The partnership between PAS and Bersatu that formed the backbone of the Perikatan Nasional coalition is increasingly strained by internal power struggles, with both parties seeking to consolidate control over what analysts describe as the bloc's most valuable electoral asset—the Perikatan Nasional brand itself. This tension underscores a fundamental challenge facing Malaysian opposition politics: the growing realisation that a coalition's collective identity can outweigh the sum of its constituent parties, creating fierce competition for stewardship of that asset.
What makes this dynamic particularly significant is the empirical reality that political analysts have identified: the Perikatan Nasional name and symbol hold considerably greater appeal among Malaysian voters than either the PAS or Bersatu flags independently. This finding transforms internal coalition management from a matter of administrative convenience into a zero-sum competition for political legitimacy and electoral advantage. The party that successfully positions itself as the authentic custodian of Perikatan Nasional's political project stands to capture disproportionate credit for any electoral victories, while the other risks being relegated to junior-partner status despite contributing substantially to the coalition's formation and success.

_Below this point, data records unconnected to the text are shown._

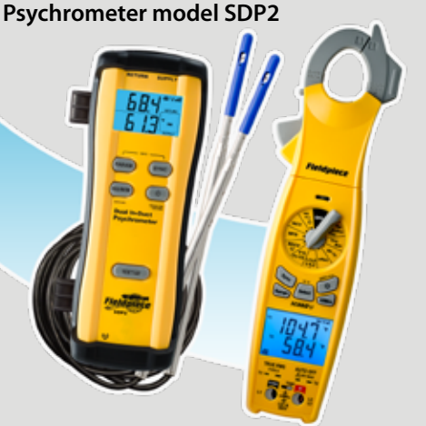
Wireless Clamp Meter model SC660
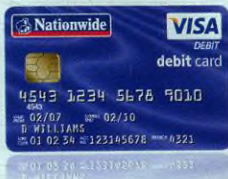
Proud to be different
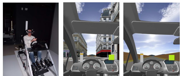
Figure 1: Left: The driving simulator in operation. Center: screenshot of the first part of the simulated environment (urban street). Right: Screenshot of the second part of the simulated environment (field road).

Male (17) or female (11) young drivers with no prior experience in immersive VR setups were tested. Before starting the experimental sessions, each participant performed a training phase in order to stabilize his/her driving performance. This phase
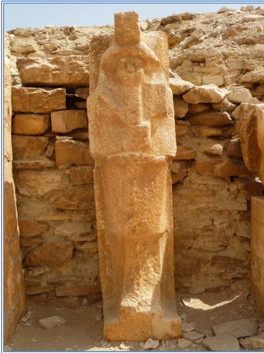
Figure 2. Unfinished statue of Djoser in the Step Pyramid complex at Saqqara.

archaeological evidence as the first ruler of the 3rd Dynasty, despite the (erroneous) testimony of some ancient king-lists (Dreyer 1998a). It is interesting that Netjerykhet is nowhere directly named as his predecessor's son; rather, contemporary inscriptions emphasize the role of a woman, Nimaathap—referred to as “mother of the king's children” in the reign of Khasekhemwy, and as “king's mother” in the reign of Netjerykhet—in the royal succession (Wilkinson 1999: 94). Together with the prominence given to Netjerykhet's wife and daughters on his monuments, and the fine, contemporary statue of a royal princess (Metropolitan Museum of Art 1999: Catalogue nos. 4, 7b, 16), the influence of Nimaathap may point to an important political and religious role for women in the 2nd-3rd dynasties.
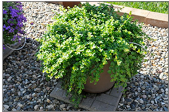
Indian Mint
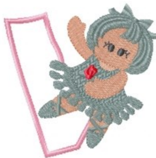
File: BalletalphaV.jef Stitches: 11246 Size: 99.0x98.5 mm
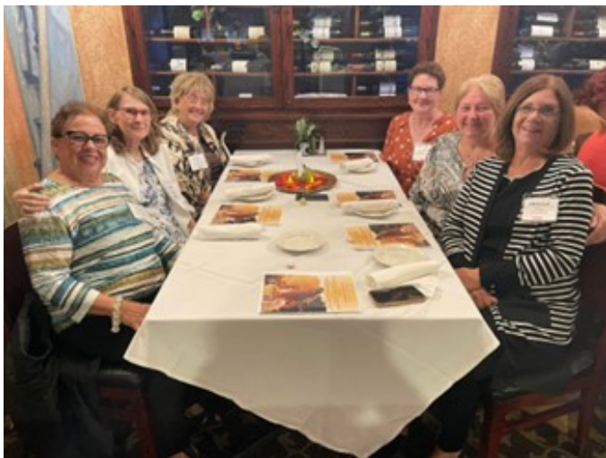
LACEY AGLOW LEADERS
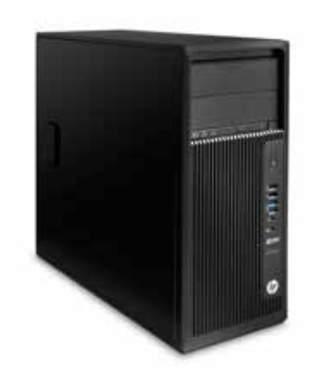
Agency Performance Desktop (A-PDT) HP Z240 Tower Workstation
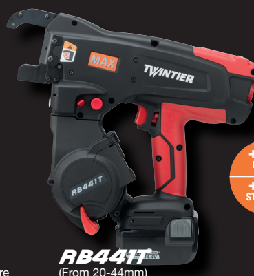
RB441T (From 20-44mm)
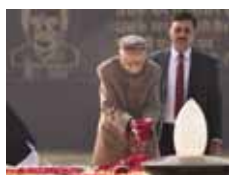
LK Advani pays homage to former Prime Minister Atal Bihari Vajpayee on his 94th birth anniversary in New Delhi on Tuesday

With the whiff of 2019 Lok Sabha polls in the air, Vajpayee returned to the posters outside the BJP headquarters along
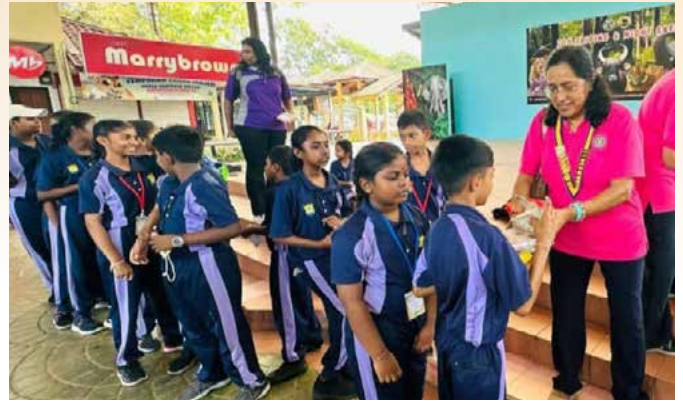
Wild Adventures with SJK (T) Jebong Lama students- 11.9.24
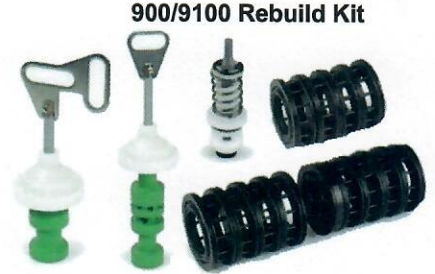
900/9100 Rebuild Kit
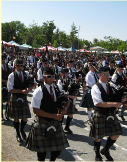
July 9-12, 2015 Grandfather Mountain Highland Games

The Society will host tents and provide lunch at both events.
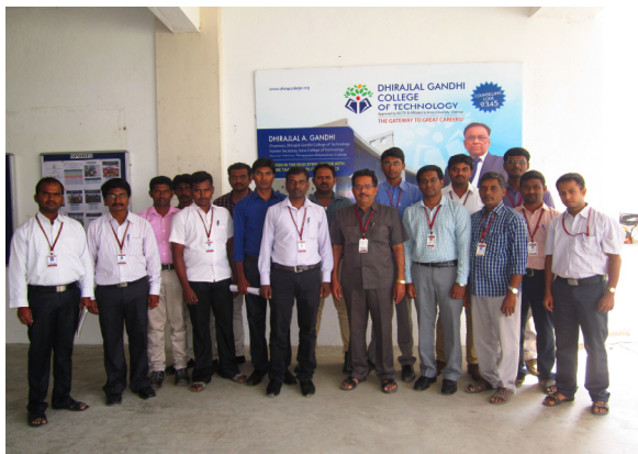
Faculty members participated in Awareness Programme on "Electrical and Mechanical maintenance of LIFT" conducted by TAMIL ELEVATORS on 29.12.2015.
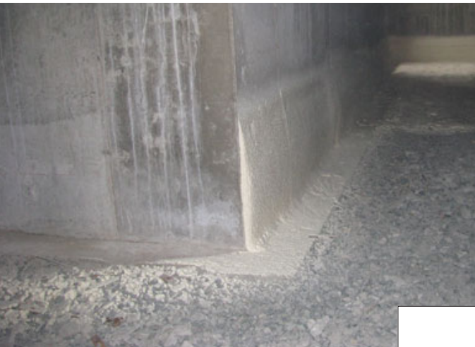
Figure 4. When a finished basement interior is planned, the foam can run up the walls to create a thermal break at the slab edge (left). Drywall furnishes the code-mandated fire protection (top illustration). In an unfinished basement, rigid foam board provides a neat thermal break at the slab's perimeter (bottom illustration). The excess can easily be trimmed flush with the finished slab and sprayed with a thermal barrier coating.

detail foam board around the perimeter and penetrations. On slabs 2,500 square feet and greater, we often reduce our price slightly, which ends up making SPF the less costly route. And because of the time saved, the slab pour can be moved up in the schedule.
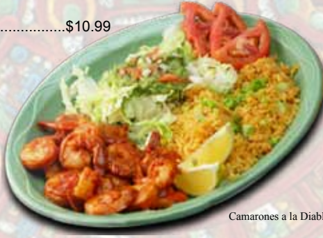
Camarones a la Diabla
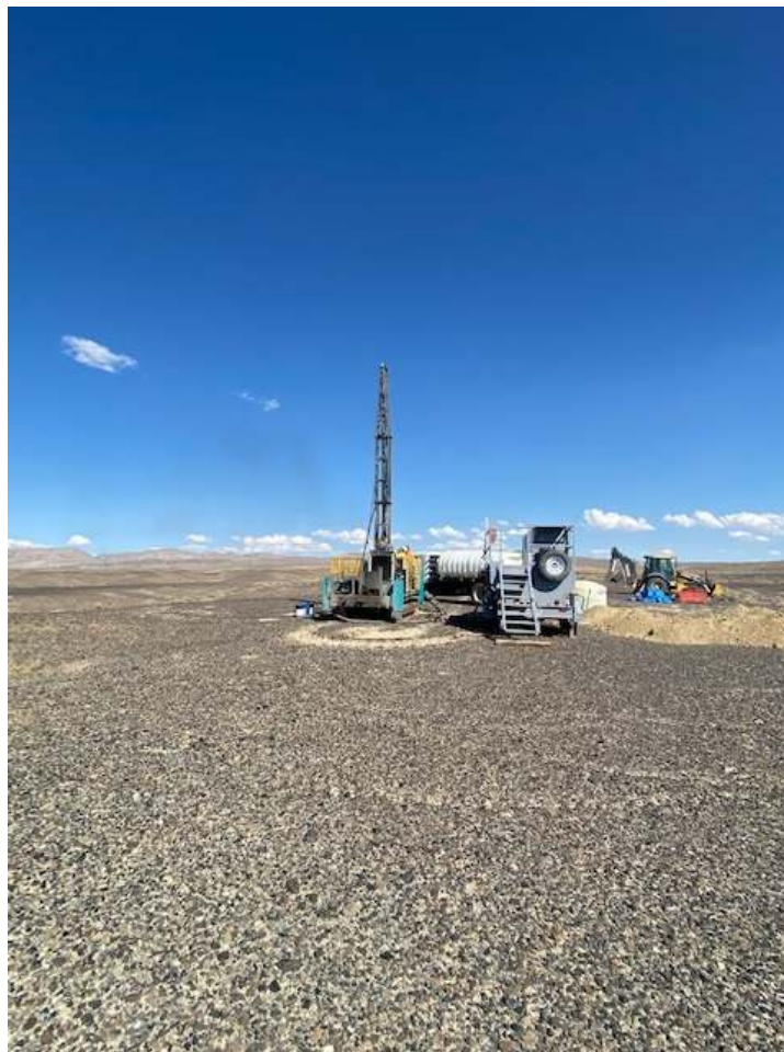
Figure 1. Diamond drill rig at Clayton North

Jindalee Resources Limited ( Jindalee , the Company ) is pleased to announce drilling has commenced at its 100% owned Clayton North project located in Nevada, US (Figure 1). The program is designed to follow up anomalous lithium results from surface sampling undertaken by Jindalee in 2018 where results of up to 930ppm Li were detected at surface 1 .

For PAS, which has historically operated as an Islamist-focused party with deep grassroots networks particularly in rural Malaysia, the Perikatan Nasional platform offers an opportunity to project itself as a major national political force rather than a single-issue party. The coalition's broader appeal allows PAS to contest constituencies and demographic segments that might otherwise view the party as too ideologically narrow. Conversely, Bersatu, a relative newcomer to Malaysian politics formed by former Prime Minister Mahathir Mohamad and subsequently led by Muhyiddin Yassin, lacks the institutional depth and nationwide infrastructure of PAS but has cultivated a reputation as a pragmatic political vehicle capable of coalition-building across traditional divides.
The struggle for control of the Perikatan Nasional brand reflects deeper anxieties within the coalition about post-election governance arrangements and ministerial portfolio distribution. In Malaysian politics, where patronage networks and resource allocation through government positions remain central to party survival, control over a popular coalition brand directly translates into negotiating leverage during government formation. The party that can claim primary ownership of Perikatan Nasional's electoral success will find itself in a stronger position to demand the most attractive ministerial positions, access to federal funding mechanisms, and influence over policy direction.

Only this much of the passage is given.